None of these theories, however, can explain the high angular momentum of the Earth-Moon system.
Giant impact theory
The giant impact theory is currently the most accepted by the scientific community. It was proposed in 1975 by William K. Hartmann and Donald R. Davis who hypothesized the impact of a body the size of Mars (which is called Theia or Orpheus) with the Earth. From this impact enough material would have been generated, in the circumterrestrial orbit, to allow the formation of the Moon.
The Canadian astronomer Alastair G. W. Cameron was also a staunch supporter of this thesis. Planets are also thought to have formed through the turning of smaller bodies into larger objects and, nowadays, it is recognized that impacts like this may have occurred to some other planets as well. Indeed, it is hypothesized that at the time of the formation of the Solar System, the planets that made it up were tens if not hundreds, and as their orbits led them to impact up to the current (not definitive) equilibrium, many were destroyed or merged into larger bodies. For example, the presence of lithium (the third element of the periodic table) on the Sun, which has no stellar origin as it is not formed in the cycle of the stars, but dates back to the first moments after the Big Bang, is perhaps due to a gaseous planet larger than Jupiter which collided with our star in ancient times.
As for the origin of the Moon, the hypothetical body Theia would have formed in a Lagrange point relative to the Earth, that is, in a gravitationally stable position along the same orbit of our planet. Here Theia would have grown progressively by incorporating the planetesimals and debris that occupied in large numbers the inner regions of the solar system shortly after its formation. As Theia grew to the size of Mars, its mass became too high to remain stably at Lagrange's point. According to this theory, 34 million years after the formation of the Earth (about 4533 million years ago) this body struck the Earth at an oblique angle, destroying itself and projecting both its fragments and a significant portion of the Earth's mantle into space.
According to some calculations, two percent of Theia's mass formed a ring of debris, while about half of its mass merged to form the Moon, a process that could have been completed within a century. It is also possible that a part of the heavier core of Theia has sunk into the Earth itself and merged with the original core of our planet.
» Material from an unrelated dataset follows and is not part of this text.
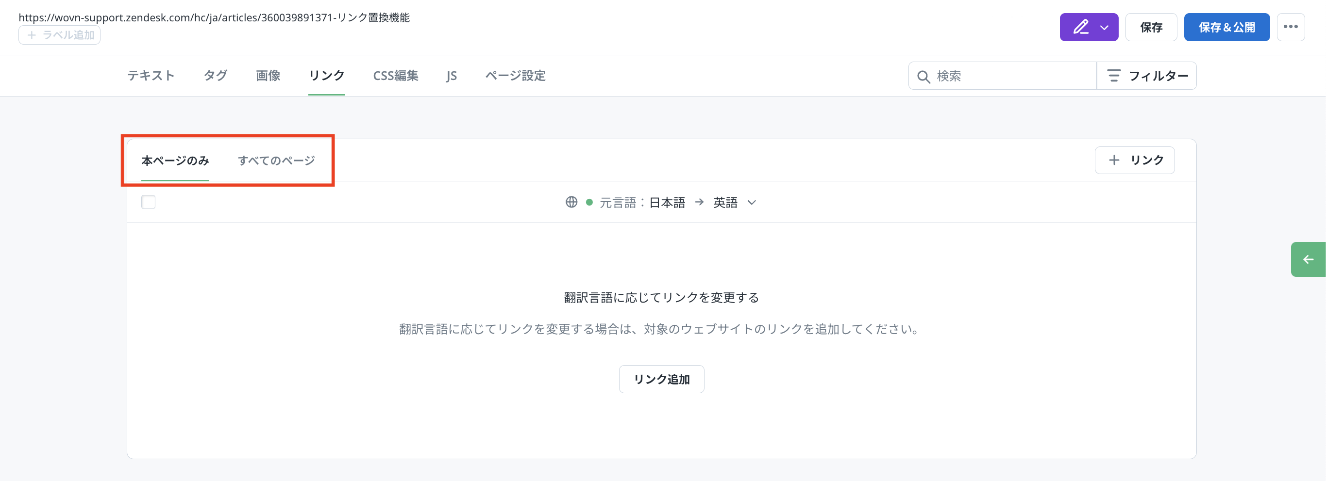 「本ページのみ」を選択すると、開いているページにのみリンクの置換が適用されます。

Computer simulations of the impact are able to predict both the value of the angular momentum of the Earth-Moon system and the small size of the lunar core.
It is believed that such an impact would have completely sterilized the earth's surface, causing the evaporation of any primordial seas and the destruction of all kinds of complex molecules. If ever on Earth there were already processes of formation of organic molecules at work, the impact of Theia should have abruptly interrupted them.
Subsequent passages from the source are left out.